I will say that to start, it does the one thing that frustrates me the most about writing: it drops the reader into the world with little to no context for what is happening. I know this is common and plenty of authors and readers enjoy it, but it is eternally a detriment to me. It means that I remember much less about the beginning of the book than the rest (and how long that “beginning” is depends on how quickly the author allows the reader to catch up) because I’m spending all my time trying to remember words and phrases, concepts which have no obvious (and sometimes none at all) correlation to the world we live in. However, since I learned from prior books I’ve read, I don’t let this stop me from trying anymore–though there was definitely a time when it did.

Once into the flow of the book, when you have a feeling for who the unnamed man and Uiziya are, that’s when the deeper concepts of the book start to hit. As someone on the trans* spectrum myself, I saw a lot of my own journey in nen-sasaïr’s walk. To be born in one form and know deep in your heart it doesn’t fit you…but to know that the change itself will be a struggle for those around you, and to be constantly greeted as the person you were before, no matter how much time has passed or how much you’ve changed…it hits hard. And Uiziya as well, deciding that where she is, is where she will always be, and having to fight to give herself purpose again.
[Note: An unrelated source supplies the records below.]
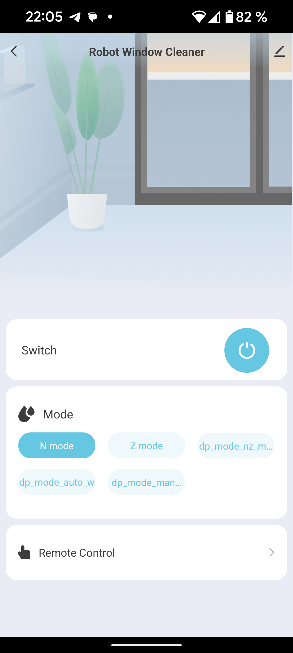 На главном экране приложения мы видим большую кнопку «Switch», переключатель режимов уборки и ссылку на экран ручного управления. Язык интерфейса — английский, налицо некоторые проблемы с версткой (надписи на кнопках показываются не полностью).
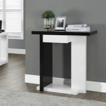 Les tendances du design moderne du minimalisme et de la haute technologie sont bien complétées par des consoles aux formes strictes et sans détails inutiles. C'est bien si les modèles sont équipés de compartiments de rangement. Quant aux nuances, il vaut mieux privilégier le calme et la monotonie. En termes de matériaux, la console peut être n'importe quoi : métal, verre, bois ou plastique.
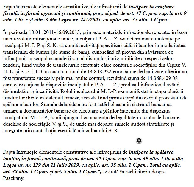 Ar fi efectuat 25 de acte infracționale prin firme de tip off-shore situate în Cipru.

As we get deeper into the story and we see how the magic begins to work around Uiziya, and how nen-sasaïr fights to reclaim himself, sometimes from himself, it grows both more poignant and a little more distant. It becomes very obvious as time goes on that while you don’t need to have read Lemberg’s other stories in the Birdverse to read this book, it really would have been incredibly helpful. I couldn’t help but wonder if I was missing more of what was there, because it seemed like there was such depth…and I just couldn’t see all of it. There is so much love and care gone into this world, and that shines through in spades. It just doesn’t necessarily work fantastically as a stand-alone piece in the world.

All in all, I struggle between 3 and 4 stars for this, but for the purposes of the half-star-hating review system, I’ve rounded my 3.5 up to a 4, because of the excellent representation of gender identity and the struggles that can come along with it. We, as a society, absolutely need more writing like that to help educate the world about what’s happening in our minds.